One of the wonderful things that have been culturally imbibed by Indians is the nobility associated with the teaching profession. 

The discipline of imparting education has, of course, changed significantly over the years, from the ancient times when gurukuls were the order of the day, and service and learning went hand in hand, to today’s system of in-person, or even virtual learning, where students can meet up with the educators located in any part of the world, the role of teachers has evolved in interesting ways. 

One of the biggest transformations seen in the teaching space over the past two years, or more specifically, in the aftermath of the pandemic, is how education went almost entirely online, and teachers were reduced to pixelated mugshots, tasked with addressing several hundred students at any given point in time, all while being confined to the four walls of one’s living room. 

The exercise of virtual learning has had mixed results, by most accounts.
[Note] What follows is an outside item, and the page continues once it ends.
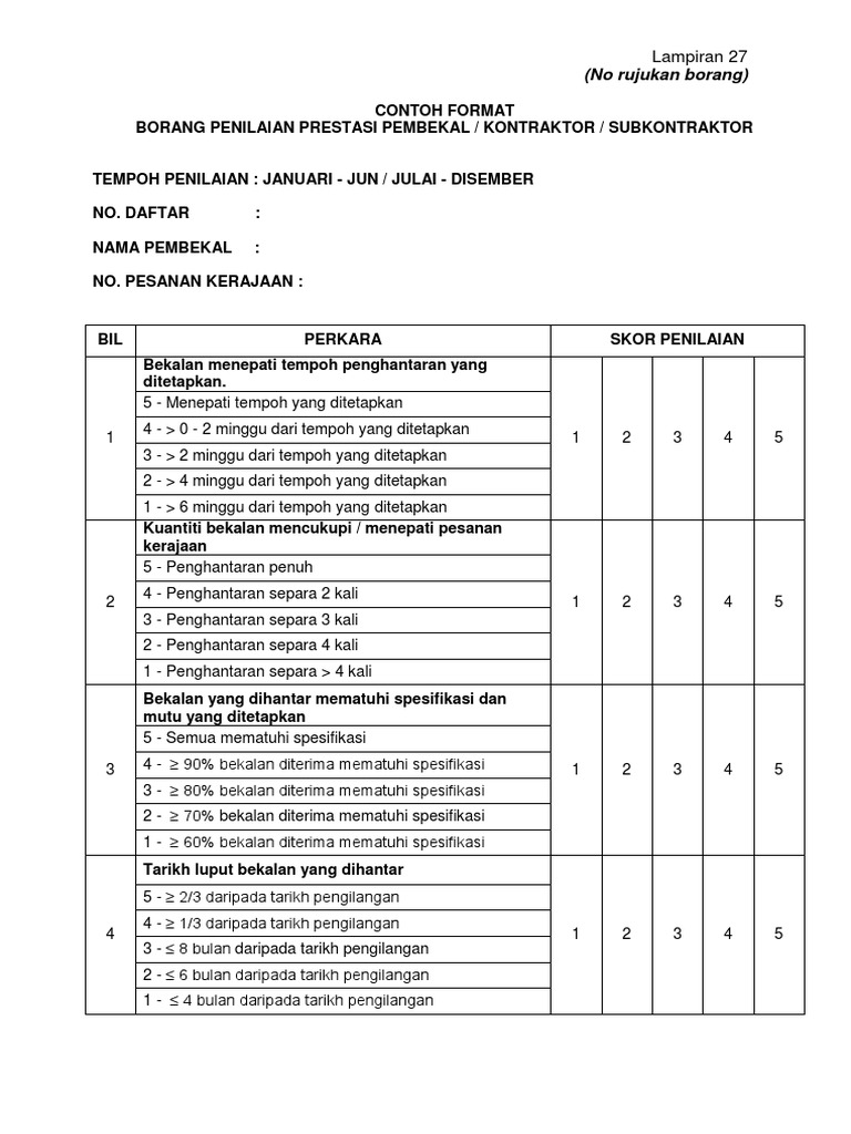 Lampiran 27 Borang Penilaian Prestasi Pembekal Pdf
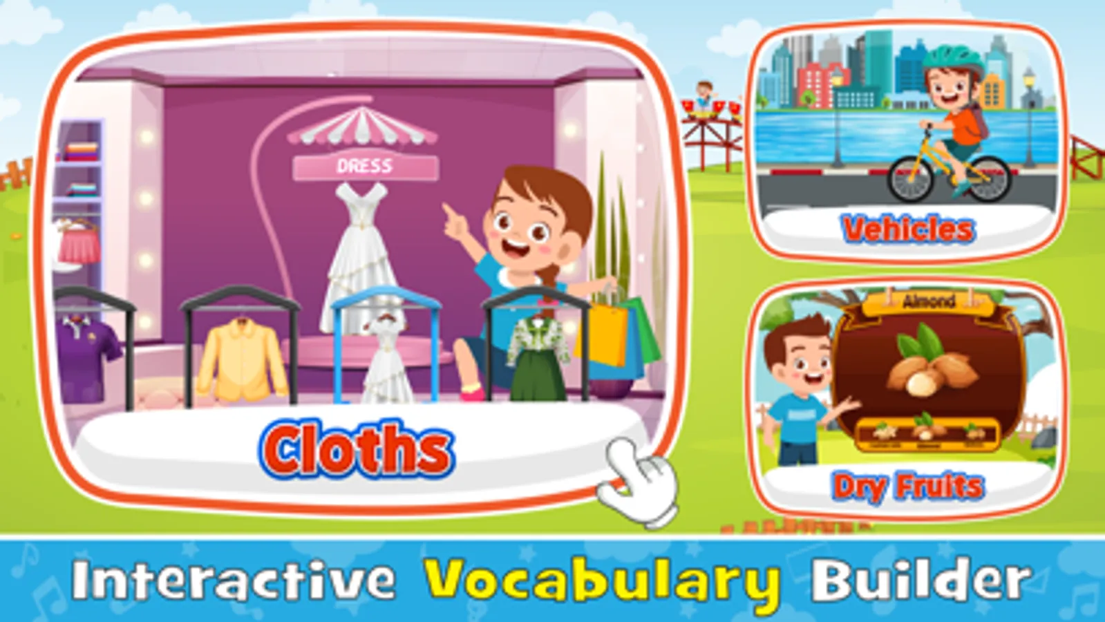 Our English learning game will prove very useful for your kids. It will help them to increase their English vocabulary and improve their English speaking skills and pronunciation. And also this game can assist them to develop motor skills, listening skills, social skills and memory

On the one hand, parents confined to Work-From-Home routines had an opportunity to reconnect with their children, listen in on the classroom sessions and monitor the progress of their wards in real-time.
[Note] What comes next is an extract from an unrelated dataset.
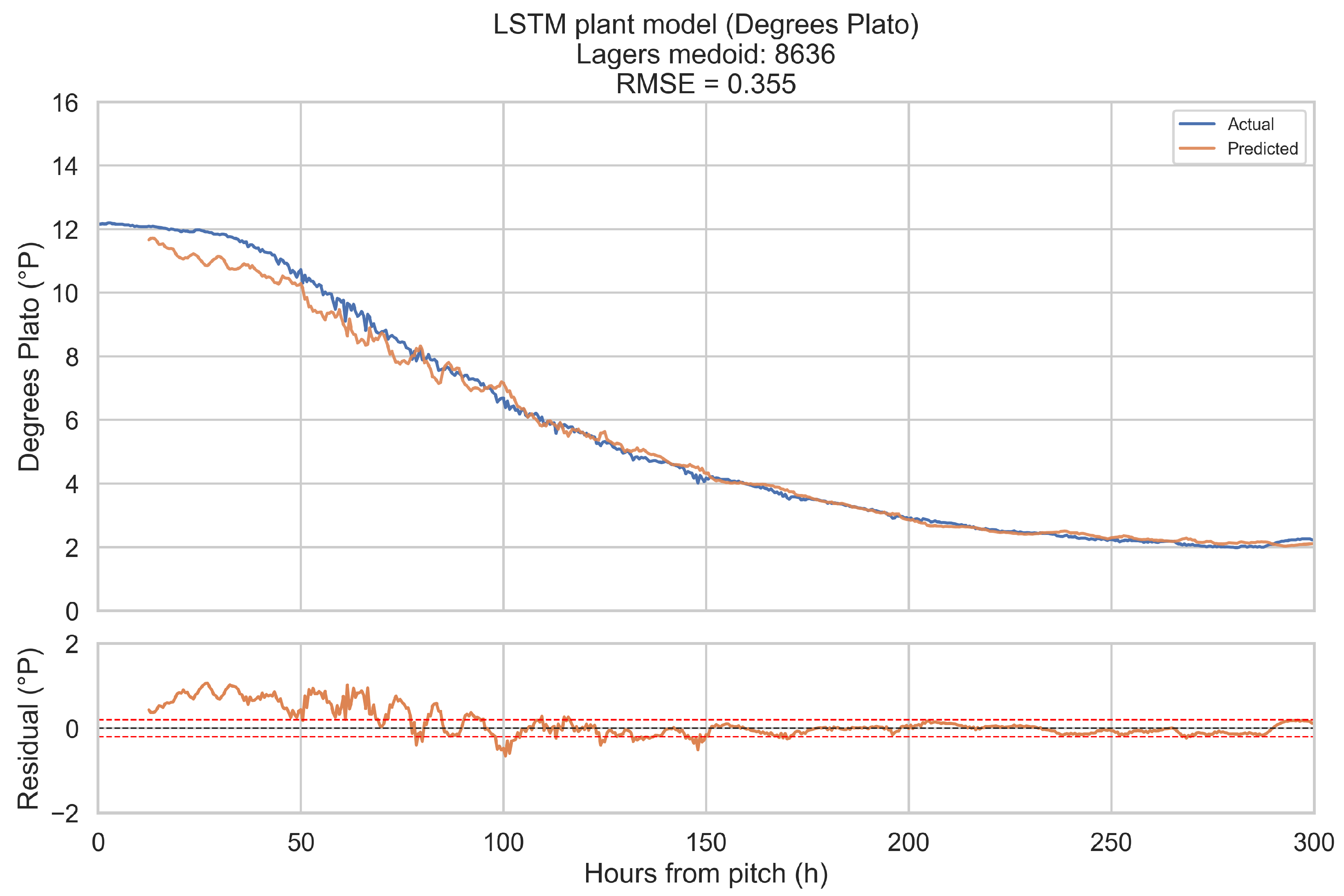 In conclusion, the LSTM-based plant model introduced in this work delivers a data-driven yet computationally efficient model of beer fermentation behaviour. It demonstrates how recurrent neural networks trained on production data can serve as practical building blocks for brewery digital twins and decision-support workflows.

On the flip side, we also understood the importance of three-dimensional and in-person learning during this time when social distancing and masking became the norm of ordinary life. 

The decorum of a real-world classroom, where teachers would call for pin-drop silence when important lessons were being imparted, or a class test was being conducted; the dynamism of a Q&A session and the ensuing debates, that are fundamental to learning exercises, were sorely missing in the online space, where students tend to mute microphones, nibble on snacks, binge on soft drinks, or quickly catch-up on shows, even as teachers explained Pythagoras Theorem in grainy detail.

The month of September, when Teacher’s Day is celebrated on different days in different parts of the world, holds great significance in the context of India. 

Here schools and higher education institutes (HEIs) have finally reopened after a hiatus of more than one and a half years. 

The predicament of parents regarding sending children back to school is gradually on the wane as vaccinations spike across India, and state governments embark on a war footing to deliver doses to school and college teachers. 

It may be recalled that Tamil Nadu’s Minister for Health and Family Welfare Ma Subramanian had said last week that 90.1% of teachers, as well as 89.32% of non-teaching staffers in the state’s schools, had been inoculated with at least one dose of the COVID-19 vaccine. 

The Minister had said that the government intended to vaccinate all school workers by Sept 1. 

The importance accorded to the vaccination of educators in TN is commendable and it will go a long way in building the trust factor among more parents, who will now be emboldened to send their young children to school, once the green signal is lit for students in Classes 1-8.

Many heartening scenes were witnessed on Day 1 of school-going post the pandemic, including teachers showering students with petals and offering them sweets before resuming their classes. And in many ways, it heralds a new beginning for the students, who have been entrusted with a sense of accountability, as personal hygiene has now become a public mandate, with every individual looking out for the other.

It’s an equally challenging time for teachers too. A far cry from the role of passive instructors, who only need to walk into a classroom, deliver lectures and move on to their next period, teachers now have the added responsibility of ensuring the safety of students under his/her tutelage. 

In many ways, the COVID-19 crisis has offered the student-teacher community a chance to re-evaluate their rapport and sow the seeds for a mutually beneficial relationship that could offer new generations the lessons for a lifetime.